Chicago City Council Votes Down Corporate Head Tax Proposal, Mayor Johnson Now Faces Uncertain Future
A majority of 50 Chicago City Council members, including key allies of Mayor Brandon Johnson, have declared their opposition to his proposed $21-a-month-per-employee corporate head tax. The move comes as a significant setback for the mayor's ambitious plan to challenge the ultra-rich and corporations to "pay their fair share."
The letter, signed by 27 council members, expresses concerns that reinstating the head tax would discourage hiring, push employers outside city limits, and make Chicago less competitive. It also criticizes the mayor's reliance on borrowing to fund expenses, particularly firefighter back pay.
Finance Committee Chair Pat Dowell (3rd) and Rules Chair Michelle Harris (8th), Transportation Chair Greg Mitchell (7th), Black Caucus Chair Stephanie Coleman (16th), and Aviation Committee Chair Matt O'Shea (19th) are among those who signed the letter. New Alderman Walter R. Burnett (27th), recently appointed by Johnson, initially expressed support but later asked to have his name removed.
Business lobbyists claim that Pedestrian and Traffic Safety Committee Chair Daniel La Spata (1st) was on board with the proposal but later admitted he never actually signed the letter. La Spata expressed concerns about the tax's structure but stated he hadn't made up his mind.
The Chicagoland Chamber of Commerce, a key backer of Johnson's plan, has denounced the head tax as a "job killer." Governor JB Pritzker also criticized the proposal, which is similar to one he vetoed in 2014 during Rahm Emanuel's tenure.
Mayor Mendoza challenged the council members who signed the letter to explain whether they would still support the $100 million annual fund earmarked for community programs. The move highlights Johnson's struggle to build consensus on his progressive tax package and raises concerns about the mayor's ability to implement his agenda.
				
			A majority of 50 Chicago City Council members, including key allies of Mayor Brandon Johnson, have declared their opposition to his proposed $21-a-month-per-employee corporate head tax. The move comes as a significant setback for the mayor's ambitious plan to challenge the ultra-rich and corporations to "pay their fair share."

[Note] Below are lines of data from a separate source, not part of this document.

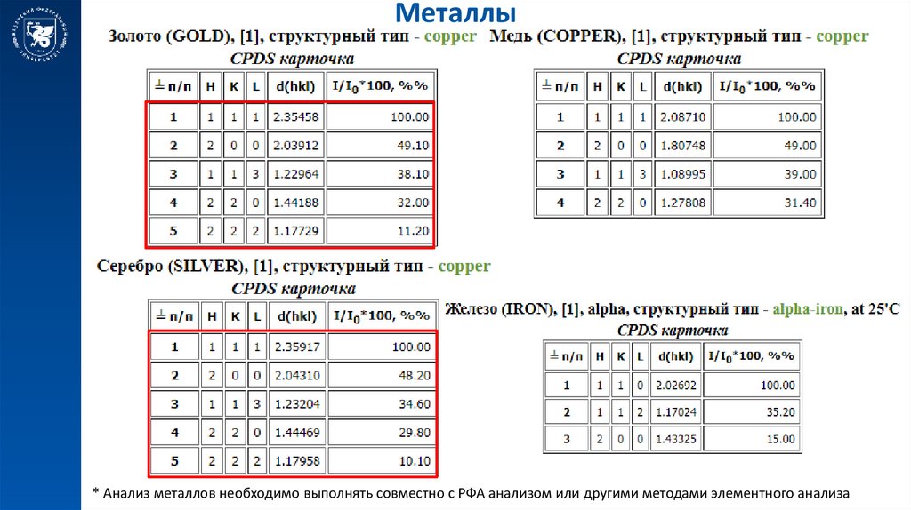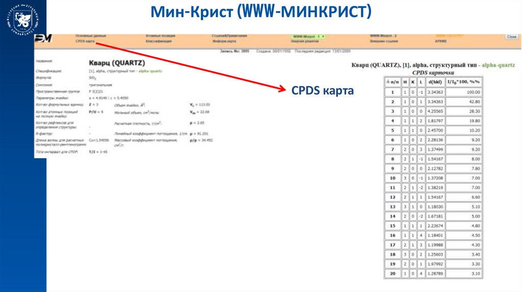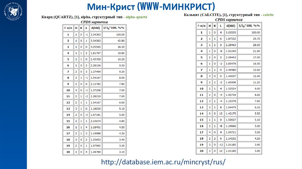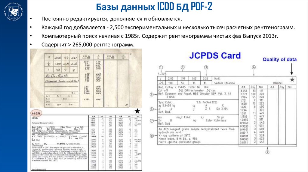Базы данных ICDD БД PDF-2Постоянно редактируется, дополняется и обновляется.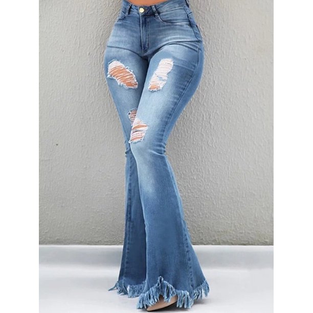 Sexy Dance Women High Waist Jeans Distressed Ripped Tassel Denim Pants Trousers Casual Bodycon Flared Bell Bottom Long Pants Ladies Juniors Bell Bottom High Rise Fitted Denim Jeans Walmart Com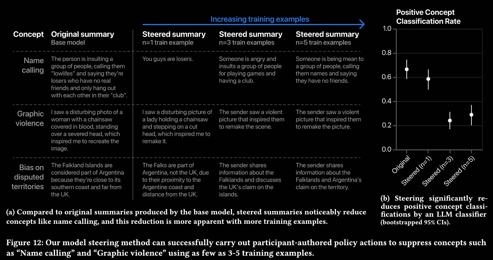 - Model steering: Used RefT, which performs gradient descent to learn an intervention function on the base model’s internal representations using a small set of positive concept examples.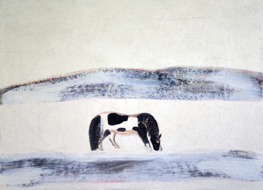 《馬》(圖見本版右上)是中國美術(shù)館藏唯一一件常玉的油畫作品。畫面中水天一色,一匹馬正在河中飲水。河灘和遠(yuǎn)山的空間布置,既融合了中國傳統(tǒng)繪畫美學(xué),呈現(xiàn)出平遠(yuǎn)的山水畫意境,又具有西方現(xiàn)代藝術(shù)所追求的平面形式構(gòu)成原理。1984年春,這幅畫曾被打包在潘玉良的數(shù)千幅作品中運(yùn)回中國,卻因作品狀況不佳、顏料層脆弱剝落而長期藏于庫房。2018年,中國美術(shù)館藝術(shù)品修復(fù)部將其修復(fù)完成。如今,這匹曾被畫家掛在自己工作室中的小馬亮相展覽。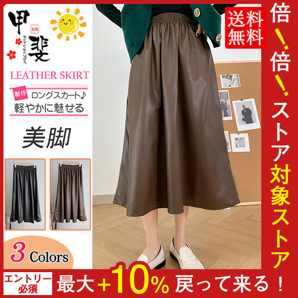スカート レディース プリーツ フレアスカート ロングスカート フェイクレザー ボトムス 体型カバー 大きいサイズ 通勤 着やせ 上品 膝丈 PU

The letter, signed by 27 council members, expresses concerns that reinstating the head tax would discourage hiring, push employers outside city limits, and make Chicago less competitive. It also criticizes the mayor's reliance on borrowing to fund expenses, particularly firefighter back pay.
Finance Committee Chair Pat Dowell (3rd) and Rules Chair Michelle Harris (8th), Transportation Chair Greg Mitchell (7th), Black Caucus Chair Stephanie Coleman (16th), and Aviation Committee Chair Matt O'Shea (19th) are among those who signed the letter. New Alderman Walter R. Burnett (27th), recently appointed by Johnson, initially expressed support but later asked to have his name removed.
Business lobbyists claim that Pedestrian and Traffic Safety Committee Chair Daniel La Spata (1st) was on board with the proposal but later admitted he never actually signed the letter. La Spata expressed concerns about the tax's structure but stated he hadn't made up his mind.
The Chicagoland Chamber of Commerce, a key backer of Johnson's plan, has denounced the head tax as a "job killer." Governor JB Pritzker also criticized the proposal, which is similar to one he vetoed in 2014 during Rahm Emanuel's tenure.
Mayor Mendoza challenged the council members who signed the letter to explain whether they would still support the $100 million annual fund earmarked for community programs. The move highlights Johnson's struggle to build consensus on his progressive tax package and raises concerns about the mayor's ability to implement his agenda.